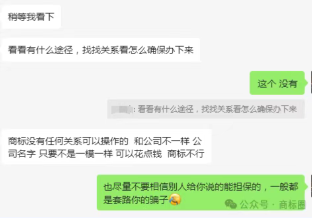 前段时间小编就遇到一个客户,非说有个代理联系他,有硬手段可以让他商标下证,只需要准备好钱就行。当时我跟客户讲了下他驳回的原因,以及通过的概率,并解释了这种所谓关系百分百的一般都是套路人的骗子,让客户提高警惕。
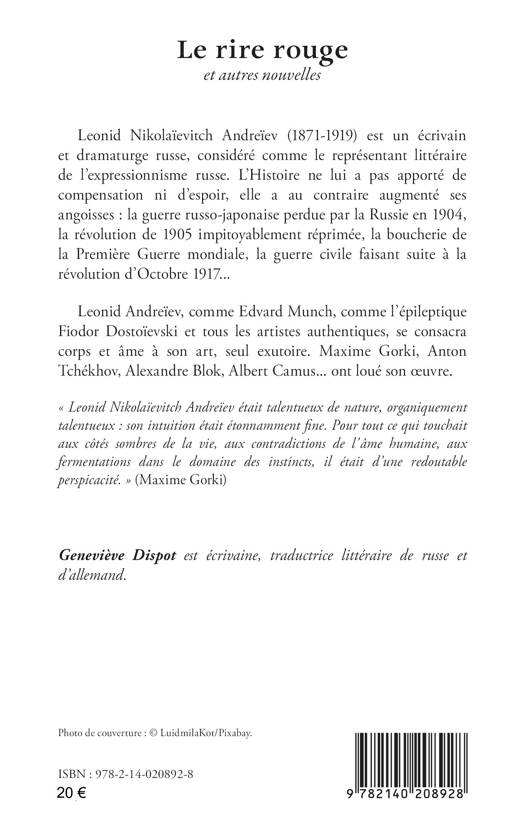 Leonid Nikolaïevitch Andreïev (1871-1919) est un écrivain et dramaturge russe, considéré comme le représentant littéraire de l’expressionnisme russe. L’Histoire ne lui a pas apporté de compensation ni d’espoir, elle a au contraire augmenté ses angoisses : la guerre russo-japonaise perdue par la Russie en 1904, la révolution de 1905 impitoyablement réprimée, la boucherie de la Première Guerre mondiale, la guerre civile faisant suite à la révolution d’Octobre 1917...Leonid Andreïev, comme Edvard Munch, comme l’épileptique Fiodor Dostoïevski et tous les artistes authentiques, se consacra corps et âme à son art, seul exutoire. Maxime Gorki, AntonTchékhov, Alexandre Blok, Albert Camus... ont loué son oeuvre.« Leonid Nikolaïevitch Andreïev était talentueux de nature, organiquement talentueux : son intuition était étonnamment fine. Pour tout ce qui touchaitaux côtés sombres de la vie, aux contradictions de l’âme humaine, aux fermentations dans le domaine des instincts, il était d’une redoutable perspicacité. » (Maxime Gorki)
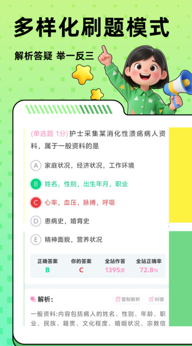 3、支持一键开始刷题,答题界面简洁无干扰,答题完成后即时显示答案与解析。
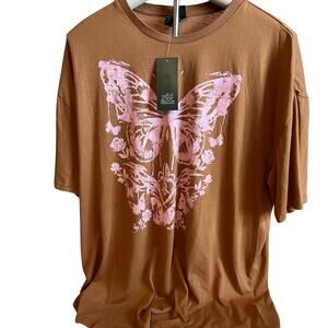 Brand new Wild Fable women's brown short sleeve butterfly graphic oversized t-shirt - size small.
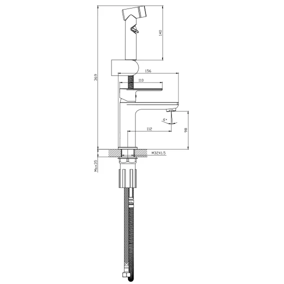 Крепление, Аэратор, Гибкая подводка, Душевой шланг, Душевая лейка, Держатель для душевой лейки
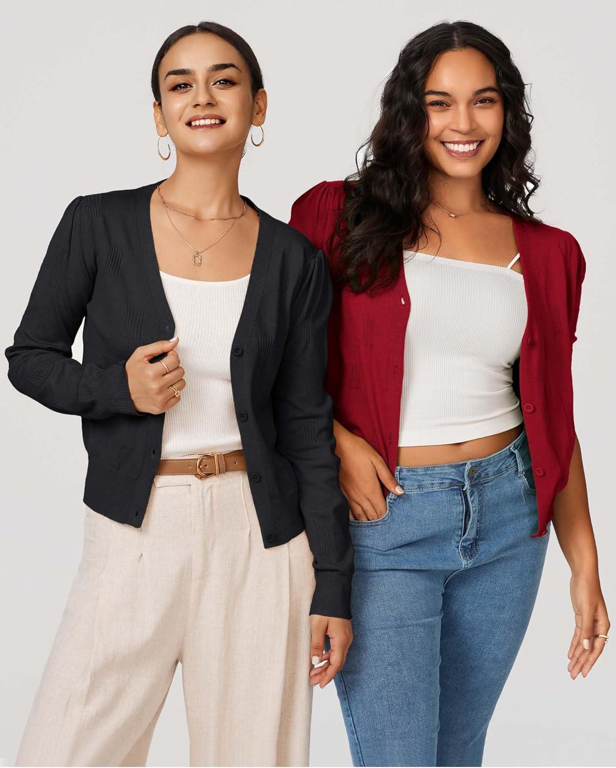 Arach&Cloz Women’s Soft Cropped Cardigan Casual Lightweight Shrug Sweater Tops(Red)
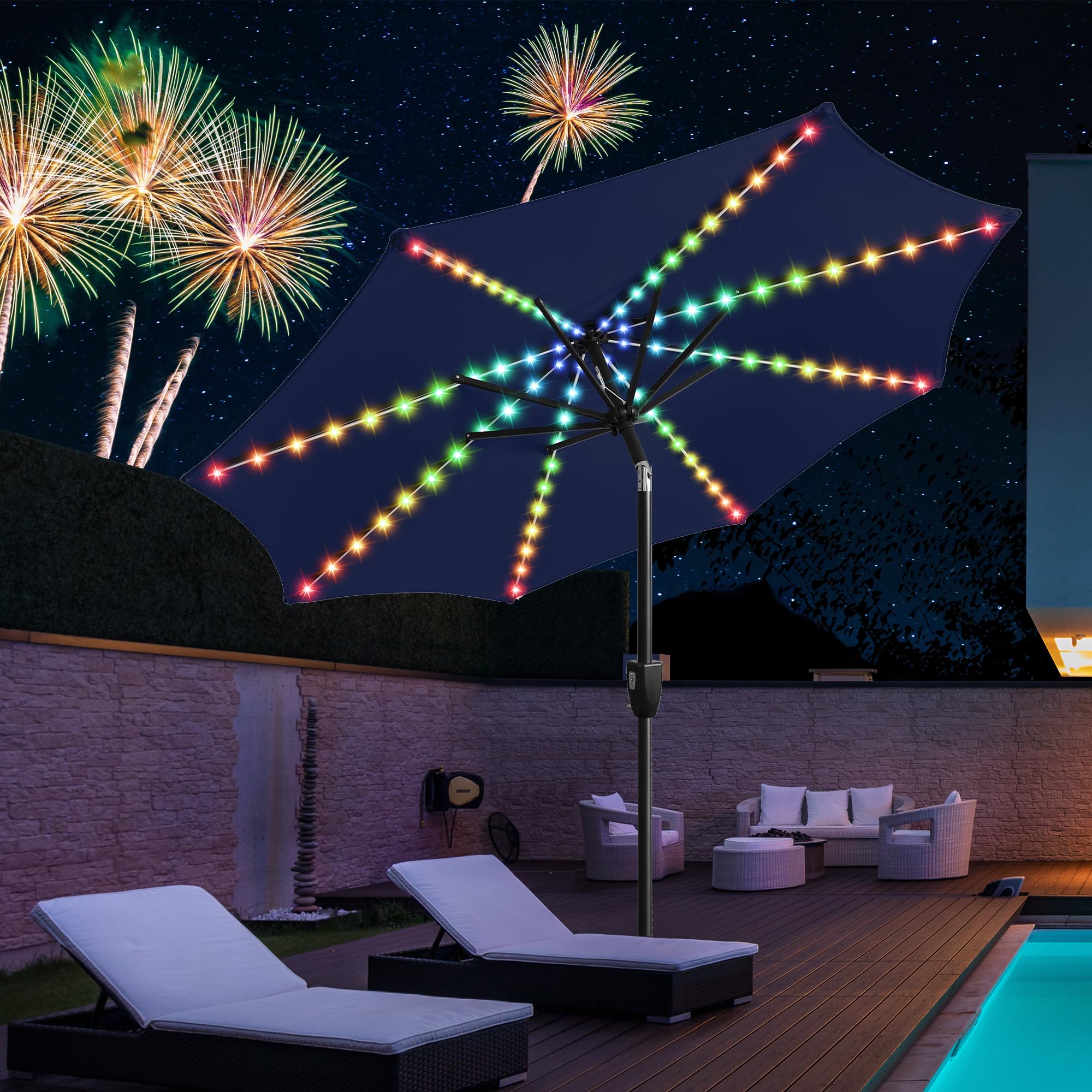 FRUITEAM Sombrilla de patio con luces LED solares coloridas, sombrilla resistente de 7.5 pies con más de 200 modos de luz, protecc

---

- _About this exercise_
Go through the listing above and quote it exactly, apart from its images.

- _Written solution_
 前段时间小编就遇到一个客户,非说有个代理联系他,有硬手段可以让他商标下证,只需要准备好钱就行。当时我跟客户讲了下他驳回的原因,以及通过的概率,并解释了这种所谓关系百分百的一般都是套路人的骗子,让客户提高警惕。
 Leonid Nikolaïevitch Andreïev (1871-1919) est un écrivain et dramaturge russe, considéré comme le représentant littéraire de l’expressionnisme russe. L’Histoire ne lui a pas apporté de compensation ni d’espoir, elle a au contraire augmenté ses angoisses : la guerre russo-japonaise perdue par la Russie en 1904, la révolution de 1905 impitoyablement réprimée, la boucherie de la Première Guerre mondiale, la guerre civile faisant suite à la révolution d’Octobre 1917...Leonid Andreïev, comme Edvard Munch, comme l’épileptique Fiodor Dostoïevski et tous les artistes authentiques, se consacra corps et âme à son art, seul exutoire. Maxime Gorki, AntonTchékhov, Alexandre Blok, Albert Camus... ont loué son oeuvre.« Leonid Nikolaïevitch Andreïev était talentueux de nature, organiquement talentueux : son intuition était étonnamment fine. Pour tout ce qui touchaitaux côtés sombres de la vie, aux contradictions de l’âme humaine, aux fermentations dans le domaine des instincts, il était d’une redoutable perspicacité. » (Maxime Gorki)
 3、支持一键开始刷题,答题界面简洁无干扰,答题完成后即时显示答案与解析。
 Brand new Wild Fable women's brown short sleeve butterfly graphic oversized t-shirt - size small.
 Крепление, Аэратор, Гибкая подводка, Душевой шланг, Душевая лейка, Держатель для душевой лейки
 Arach&Cloz Women’s Soft Cropped Cardigan Casual Lightweight Shrug Sweater Tops(Red)
 FRUITEAM Sombrilla de patio con luces LED solares coloridas, sombrilla resistente de 7.5 pies con más de 200 modos de luz, protecc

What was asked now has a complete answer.